Former railroad line

The Muskogee Southern Railroad, which existed from 1902 to 1904, constructed only one line in its history. It built south from Muskogee, Oklahoma to the Canadian River, a distance of approximately 37 miles.

==History==
The Muskogee Southern Railroad, starting in 1902, built south from Muskogee in the 1902-1903 timeframe through the towns of Warner and Porum to a point on the Canadian River. There, construction stopped due to lack of funding for a bridge. A map shows this distance as about 37 miles.

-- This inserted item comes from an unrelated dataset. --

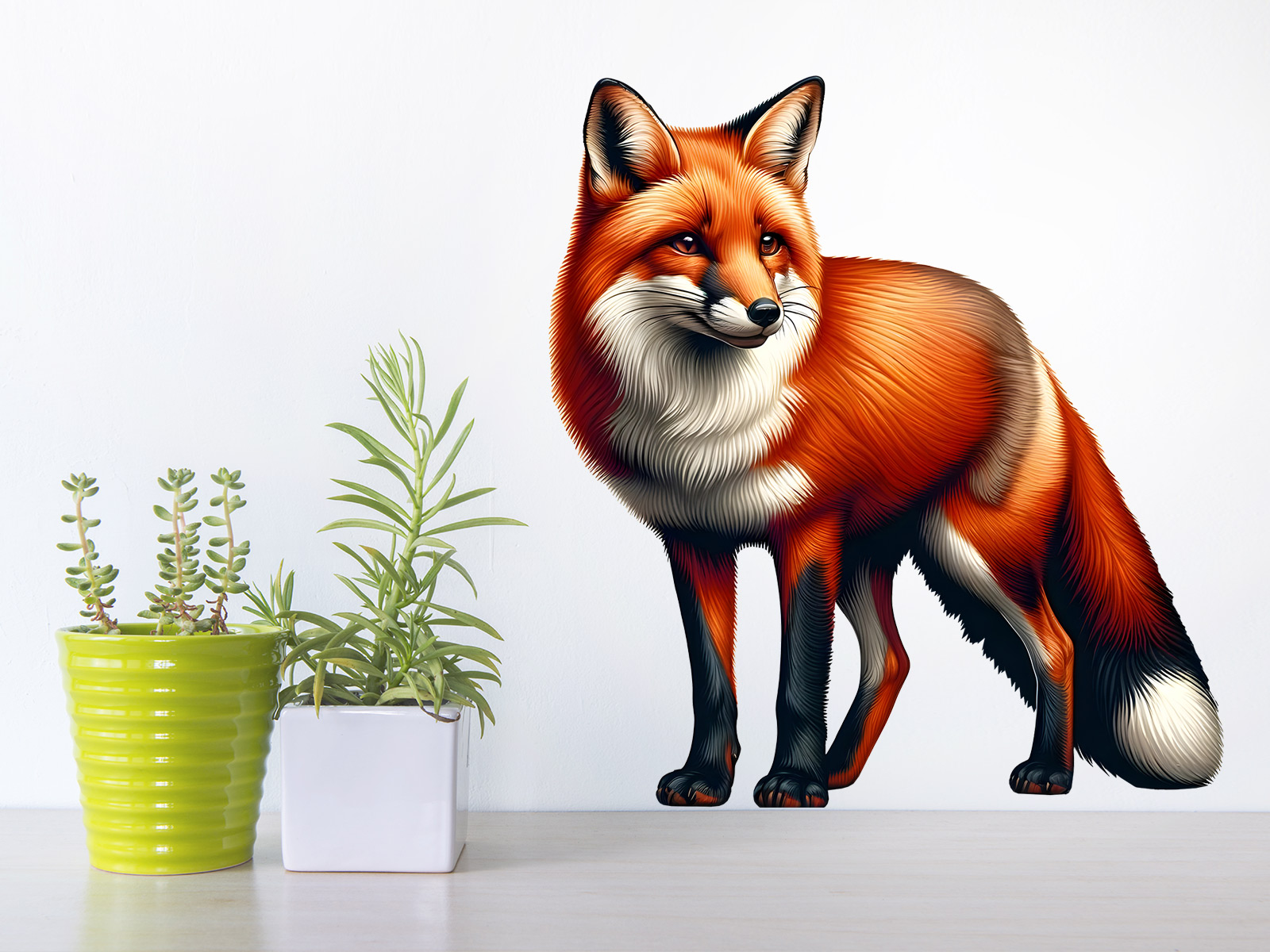 Samolepka na zeď „Liška“ přináší do interiéru působivou atmosféru lesa a eleganci divoké přírody v podobě nádherně zpracované ilustrace majestátní lišky. Její bohatá rezavá srst s jemnými barevnými přechody, precizně vykreslené detaily a realistický lesk dodávají zvířeti živý a dynamický charakter. Liška působí sebejistě a klidně, jako by se právě zastavila při tichém průzkumu okolí. Celek vyzařuje harmonii teplých tónů a elegantních linií, díky čemuž se samolepka stane výraznou dekorací, která oživí obývací pokoj, ložnici i moderní přírodní interiér.

Meanwhile, the Midland Valley Railroad, chartered in 1903, built from Hartford, Arkansas into Oklahoma, getting to Bokoshe by 1904. That railway then decided it needed to reach Muskogee in order to exchange with the Missouri–Kansas–Texas Railroad. So, it completed its rails to the opposite bank of the Canadian River, acquired the Muskogee Southern assets, and built the missing bridge, allowing it to then run to Muskogee over the former Muskogee Southern trackage, arriving before the end of 1904.

Modern railroad maps do not show this trackage as still existing.